# [WORK REQUIRED]
Reproduce all the lines below exactly and omit the images.

# [GIVEN MATERIAL]
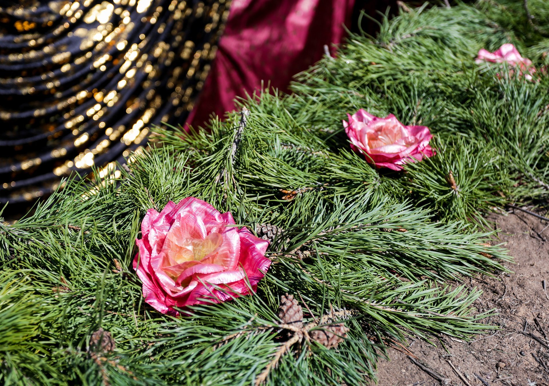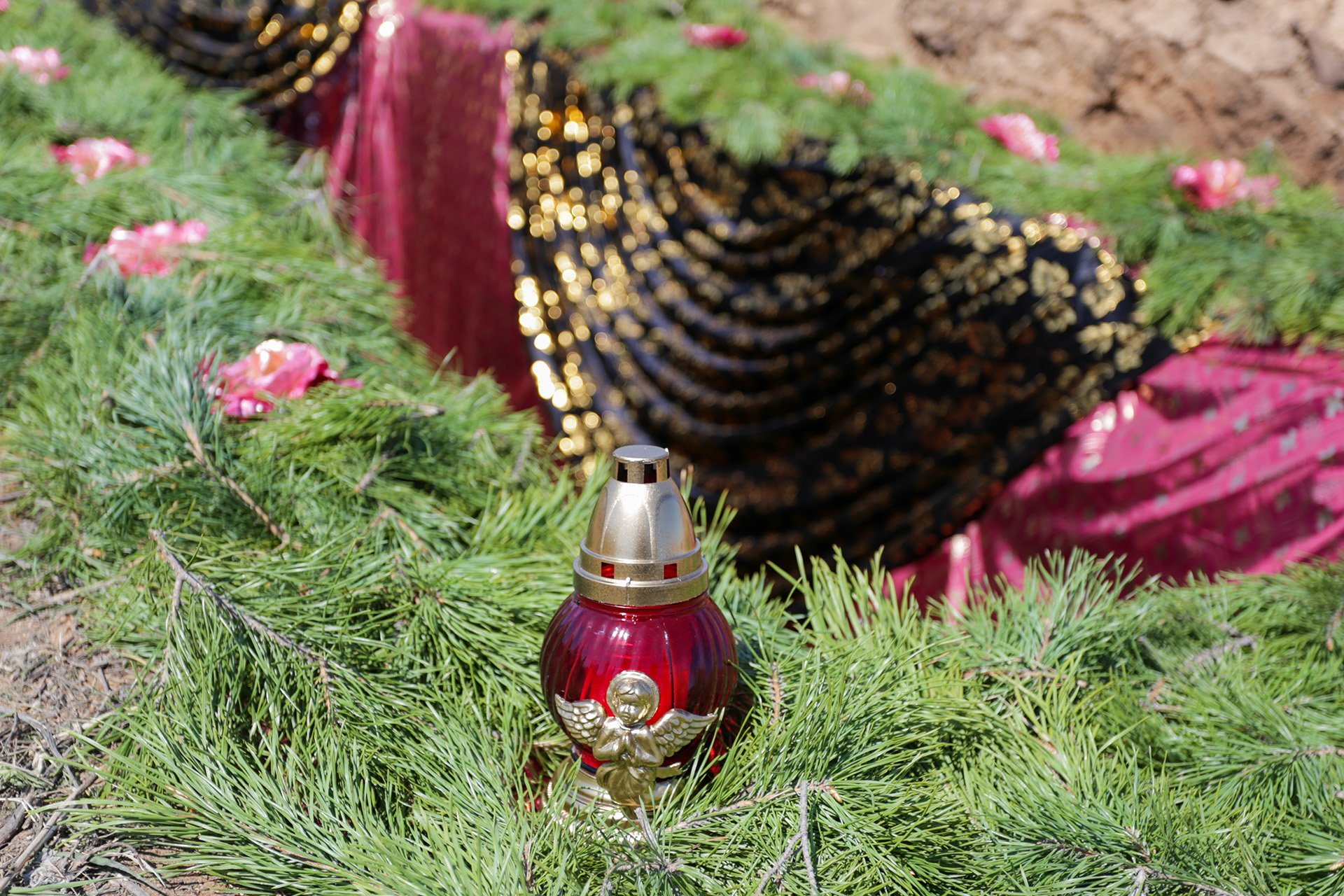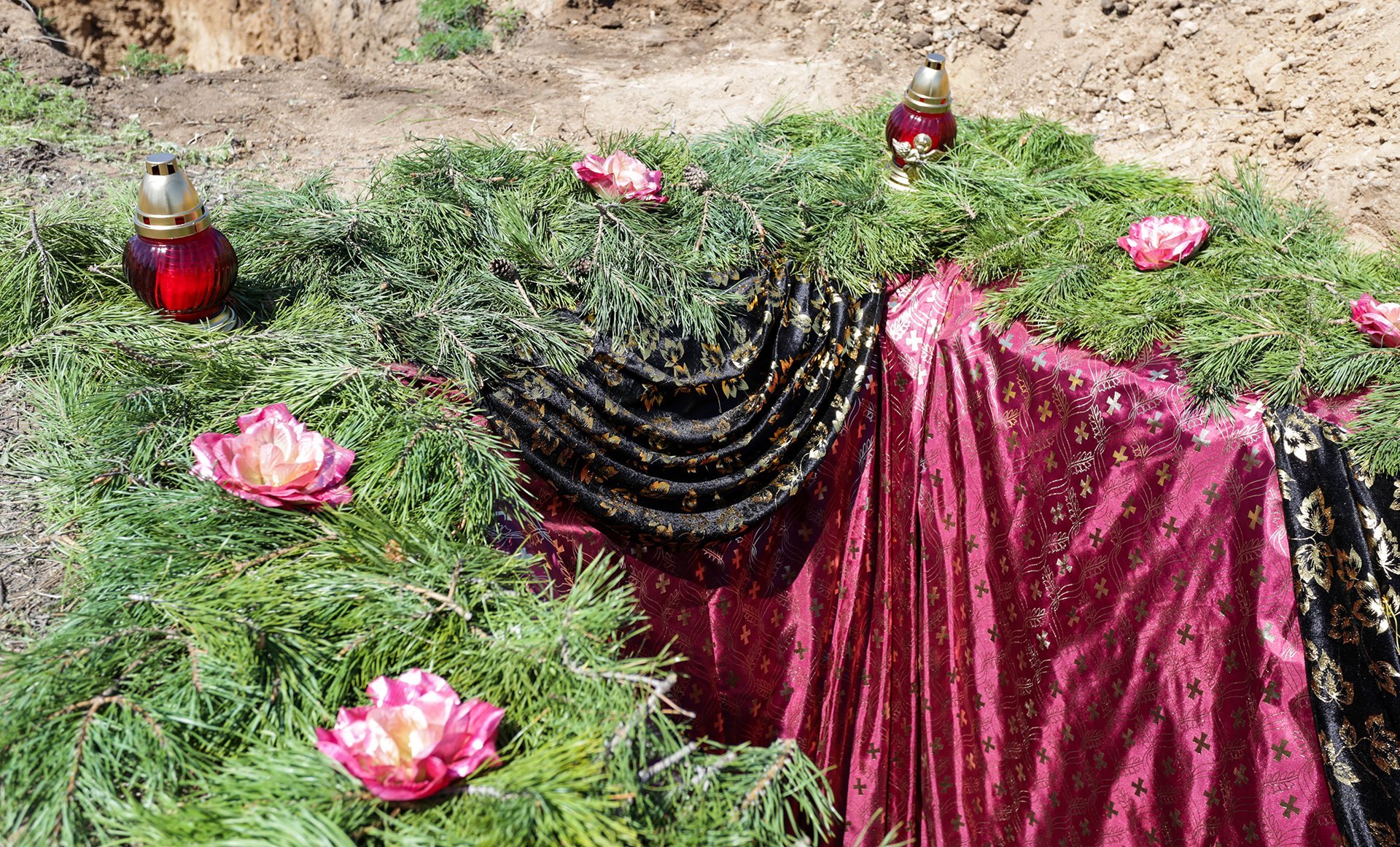 Сосновый лапник укладывается на дно и края могилы. Еловая хвоя придает особую атмосферу обряду погребения, имеет неповторимый запах и цвет. Это особенно важно, если в этот день идет дождь: каждому человеку важно обеспечить красивые и достойные проводы близкого в последний путь, а ткань закроет грязь и слякоть, придав месту погребения аккуратное оформление.
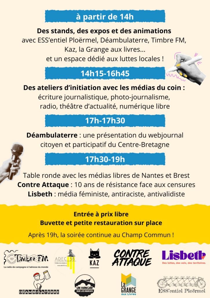En automne 2026, Déambulaterre, ESS’entiel Ploërmel et de nombreux partenaires associatifs locaux ont organisé le premier Festival des médias libres en Brocéliande. L’objectif : défendre les médias libres et indépendants face à l’offre d’informations dominante conformiste et redondante dont la propriété est hyper concentrée entre les mains d’une poignée de milliardaires. Face au succès de cette première édition, d’autres verront surement le jour…
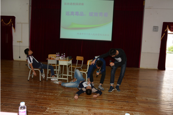 由吴健、林敏娜、陈金坡老师指导,15楼宇班李文杰、李文炜、朱善航、周琛、胡俊杰、曾宪钰、梁浩峰、李林青、孙海权九位同学自编自导自演的情景剧《毒害无穷》和《冲动的代价》,精彩、生动地展现了中职生在日常生活中容易遇到的两种经典情景,同学逼真传神的表演获得了场内阵阵掌声。随后,由斗门区人民检察院赵莉、袁冬华检察官分别对两个案例进行剖析和普法宣传,其中互动环节将活动现场气氛一次次推向高潮。

# [EXPECTED OUTPUT]
 Сосновый лапник укладывается на дно и края могилы. Еловая хвоя придает особую атмосферу обряду погребения, имеет неповторимый запах и цвет. Это особенно важно, если в этот день идет дождь: каждому человеку важно обеспечить красивые и достойные проводы близкого в последний путь, а ткань закроет грязь и слякоть, придав месту погребения аккуратное оформление.
En automne 2026, Déambulaterre, ESS’entiel Ploërmel et de nombreux partenaires associatifs locaux ont organisé le premier Festival des médias libres en Brocéliande. L’objectif : défendre les médias libres et indépendants face à l’offre d’informations dominante conformiste et redondante dont la propriété est hyper concentrée entre les mains d’une poignée de milliardaires. Face au succès de cette première édition, d’autres verront surement le jour…
 由吴健、林敏娜、陈金坡老师指导,15楼宇班李文杰、李文炜、朱善航、周琛、胡俊杰、曾宪钰、梁浩峰、李林青、孙海权九位同学自编自导自演的情景剧《毒害无穷》和《冲动的代价》,精彩、生动地展现了中职生在日常生活中容易遇到的两种经典情景,同学逼真传神的表演获得了场内阵阵掌声。随后,由斗门区人民检察院赵莉、袁冬华检察官分别对两个案例进行剖析和普法宣传,其中互动环节将活动现场气氛一次次推向高潮。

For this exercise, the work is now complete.